*What needs to be done*
Below, find the line containing "Um das Hybridsystem"; from there to the final line, print every line exactly and skip the pictures.

(Stored data)

-------

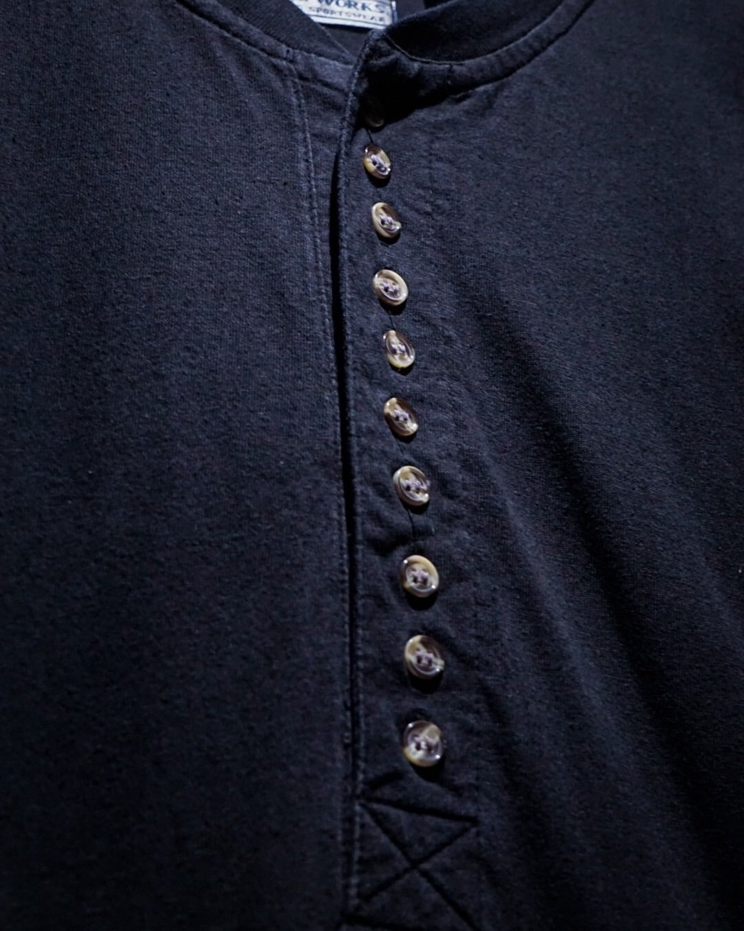 首元がヘンリーネックでスッキリとミニマルな仕上がり。シンプルなデザインが故にボタンのディテールが引き立てられています。
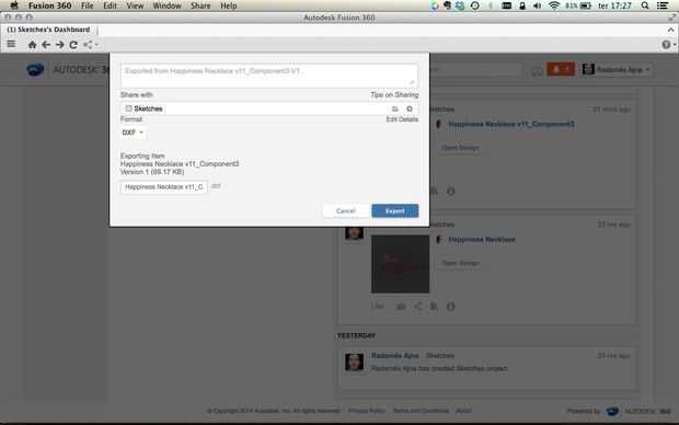 Ir a tu panel de control, haga clic en herramientas en su nuevo diseño ellos exportación como DXF. Cuando para su DXF archivo que aparezca en tu panel de control y descargar!
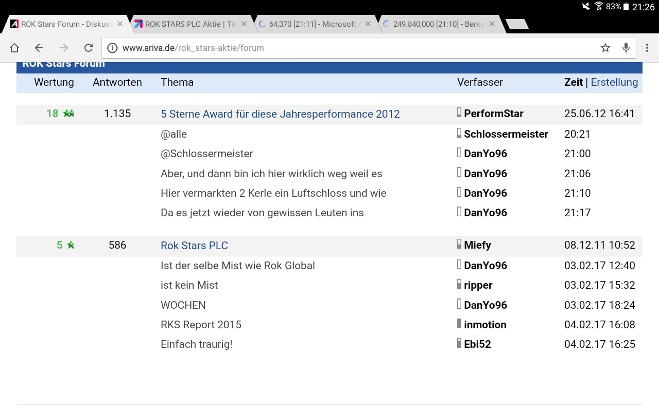 Kann mir gut vorstellen, das du richtig angepisst bist. Aber das war ja deine Entscheidung zu dem Kurs an einem bestimmten Datum zu kaufen. Aber deswegen sollte man nicht gleich alles in Frage stellen oder ins lächerliche ziehen. Ich versuche jedenfalls realistisch zu bleiben. Ich habe mir auch lange Gedanken gemacht vor dem Kauf der Aktie. Am liebsten hätte ich sie auch mit 5 Cent oder so gekauft. Aber für mich persönlich sieht und sah der Trend eher nach 20 Cent plus X aus, als 24Cent- X. Aber so ist das halt. Mal verliert man, mal gewinnt man. Ich persönlich sehe die Aktie aber irgendwann dieses Jahr bei 80 Cent. Ist meine Meinung. Andere sehen ein delisting, ich nicht. Wie gesagt ich habe Geduld und warte einfach mal ab. Jetzt kommt bestimmt wieder von dir abwarten und Pleite gehen.... finde ich persönlich langweilig weil solch eine Aussage einfach nur rudimänter ist. Ich erhalte pünktlichst meinen Lohn, es wird bei ABK von ROK investiert. Delisting sieht für mich anders aus.
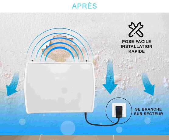 Le boîtier émet dans le mur de faibles impulsions électriques vers le sol. Cela inverse la polarité des champs électromagnétiques déjà présents dans le mur et chasse l’eau vers le sol.
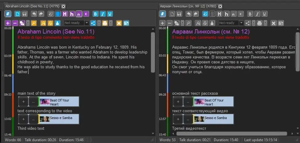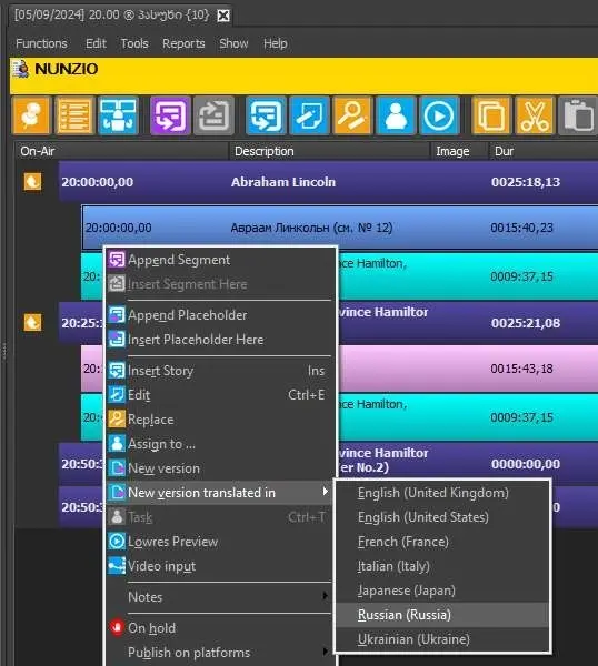 In Nunzio rundowns depending on necessities, you can translate single paragraphs inside a story or create a new translated version of the entire story. Selecting the single paragraphs there are no limitations for the translation, but creating a new translated version the comments (paragraphs in red) won't be translated
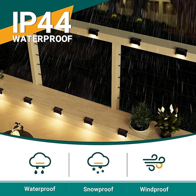 - [Weatherproof & Built to Last] Crafted with a premium ABS casing, BRITSPEAR solar stair lights are engineered to withstand the harshest weather conditions, be it scorching heat, heavy rain, or snow. With an IP65 waterproof rating, your outdoor lighting investment will endure for the long haul.
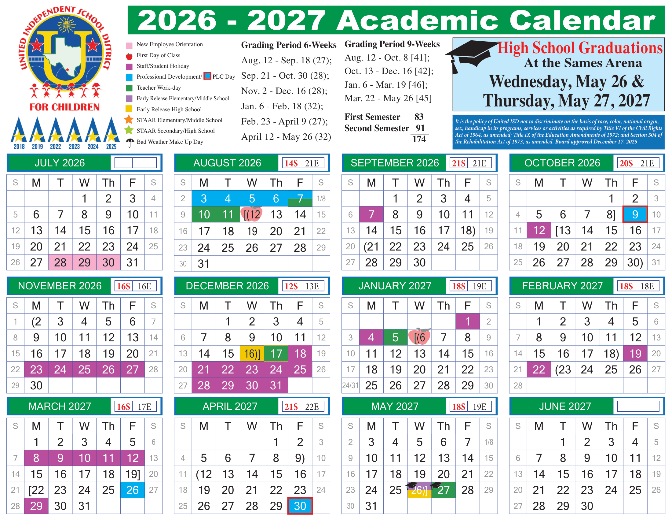 United Independent School District Calendar (2026-2027)
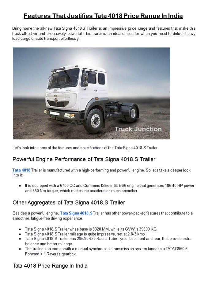 Title: Features That Justifies Tata 4018 Price Range In India
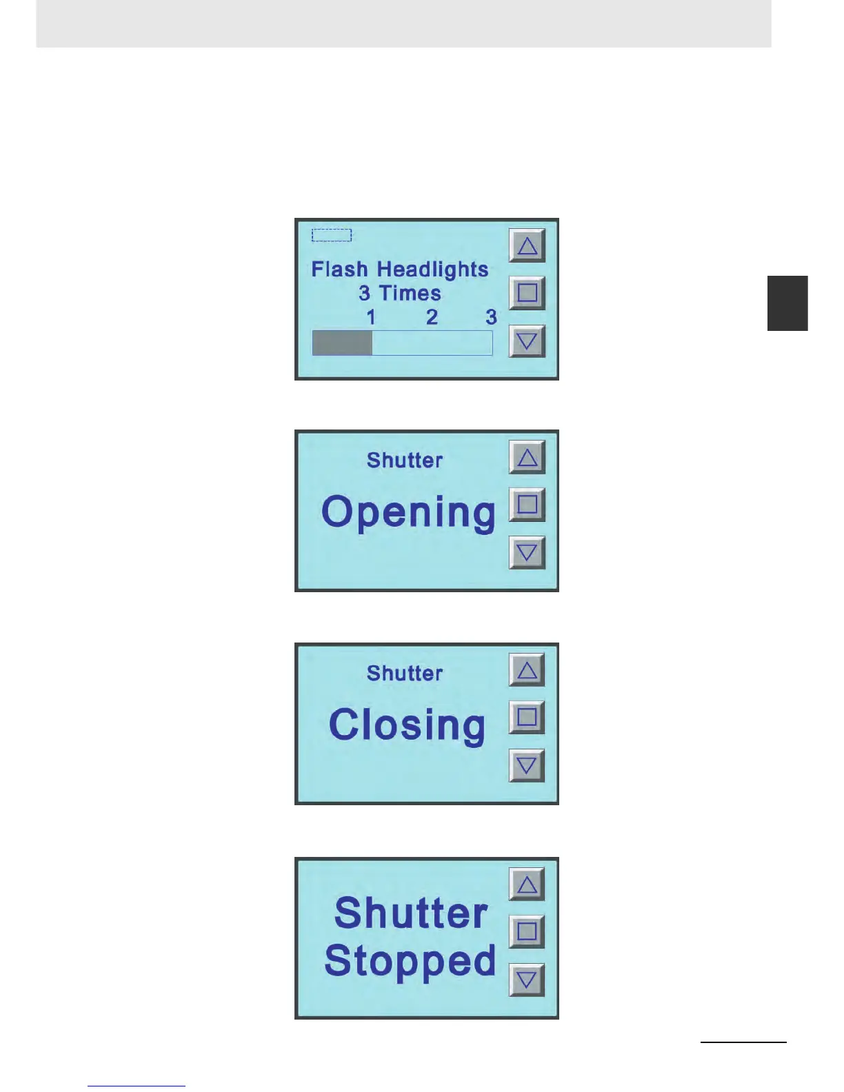 The screen will be displayed when the garage door is fully closed. The number of flash of
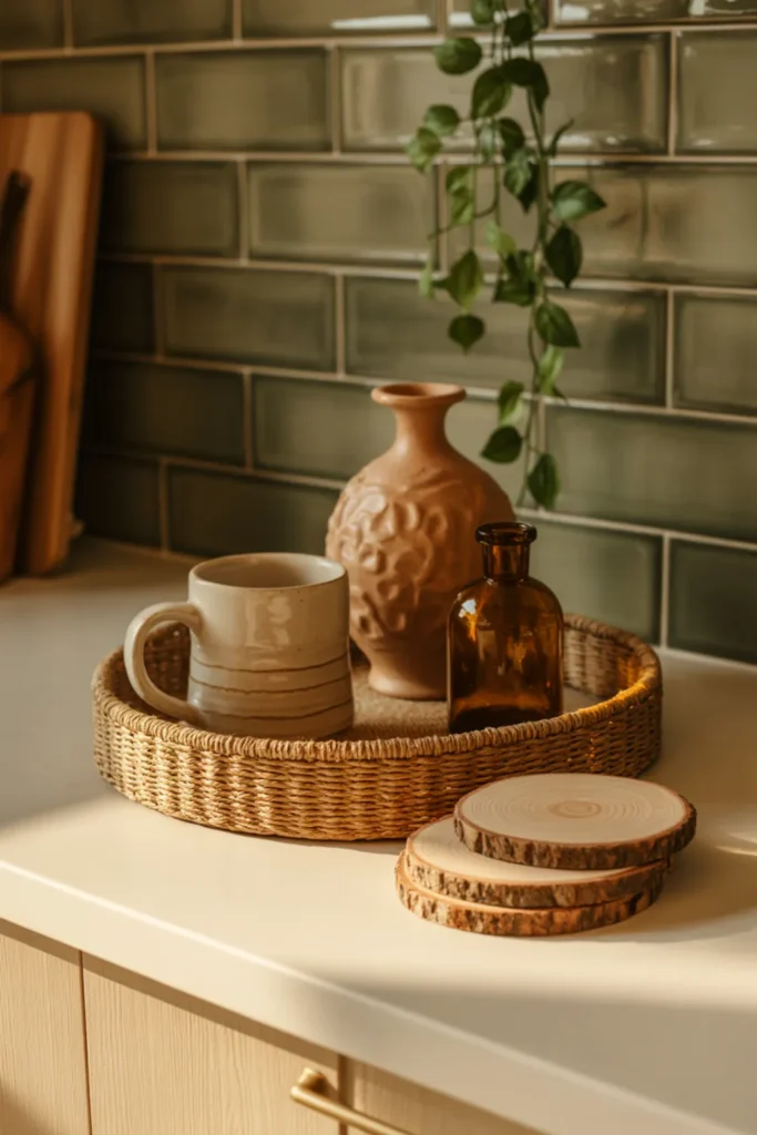 12. Boho Kitchen Counter Styling (Woven Tray + Handmade Pottery)
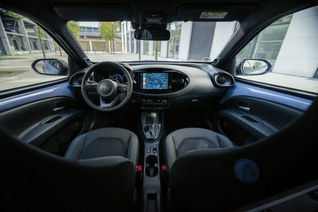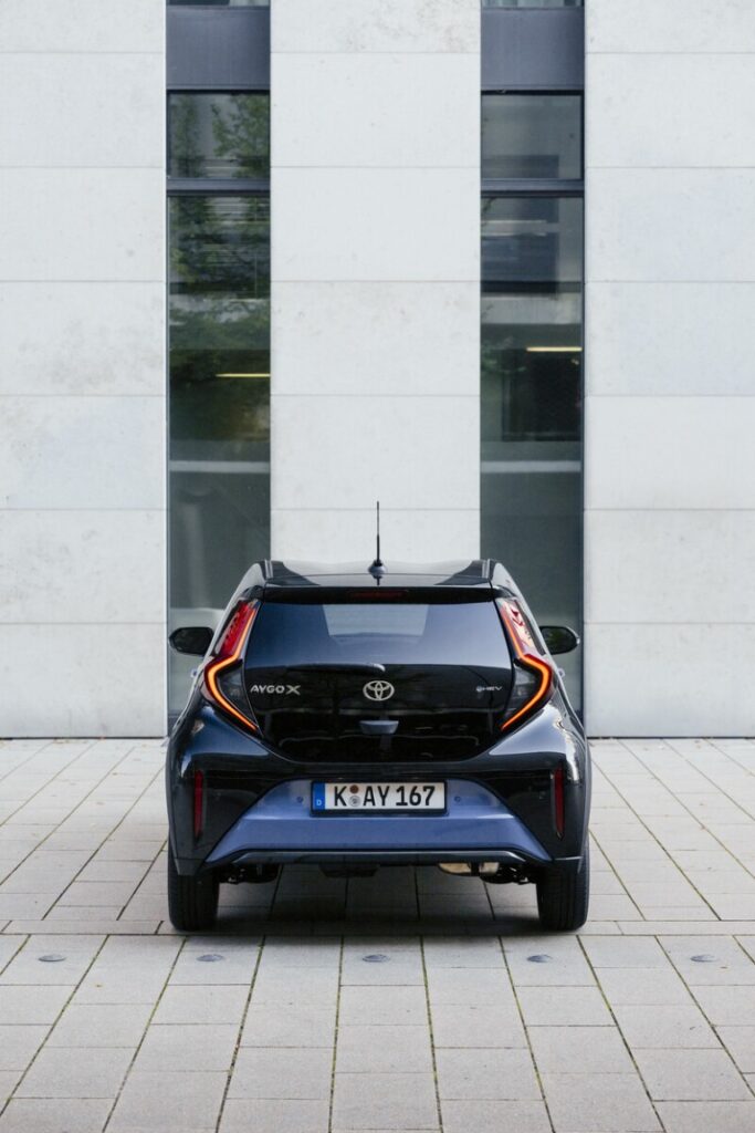 Um das Hybridsystem in den Aygo X integrieren zu können, ohne den kompakten Radstand von 2.430 Millimetern, das agile Handling und das Kofferraumvolumen von 231 Litern zu beeinträchtigen, waren innovative Konstruktionslösungen erforderlich. Vorne wurde der Überhang um 76 Millimeter verlängert, um den größeren 1,5-Liter-Hybridmotor unterzubringen. Die Proportionen des Aygo X wurden dabei aber beibehalten.
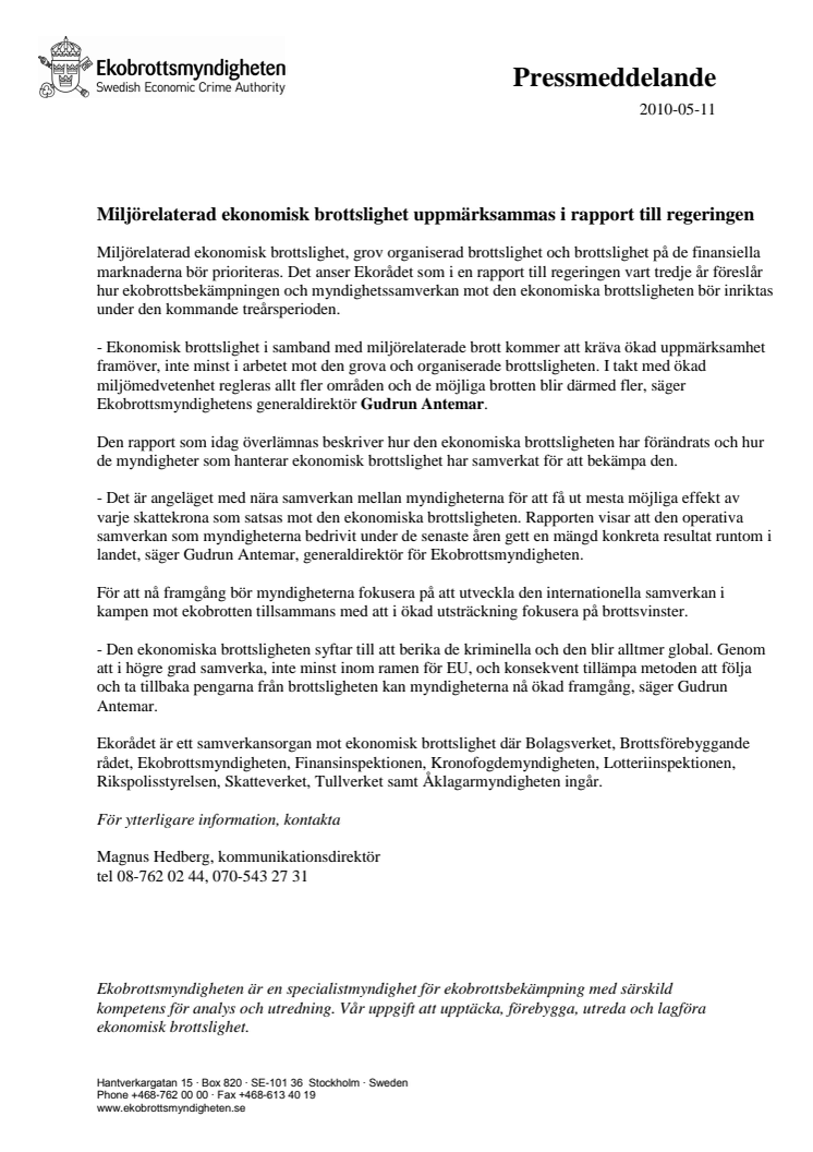 Miljörelaterad ekonomisk brottslighet uppmärksammas i rapport till regeringen

-------

*Response box*
 Um das Hybridsystem in den Aygo X integrieren zu können, ohne den kompakten Radstand von 2.430 Millimetern, das agile Handling und das Kofferraumvolumen von 231 Litern zu beeinträchtigen, waren innovative Konstruktionslösungen erforderlich. Vorne wurde der Überhang um 76 Millimeter verlängert, um den größeren 1,5-Liter-Hybridmotor unterzubringen. Die Proportionen des Aygo X wurden dabei aber beibehalten.
 Miljörelaterad ekonomisk brottslighet uppmärksammas i rapport till regeringen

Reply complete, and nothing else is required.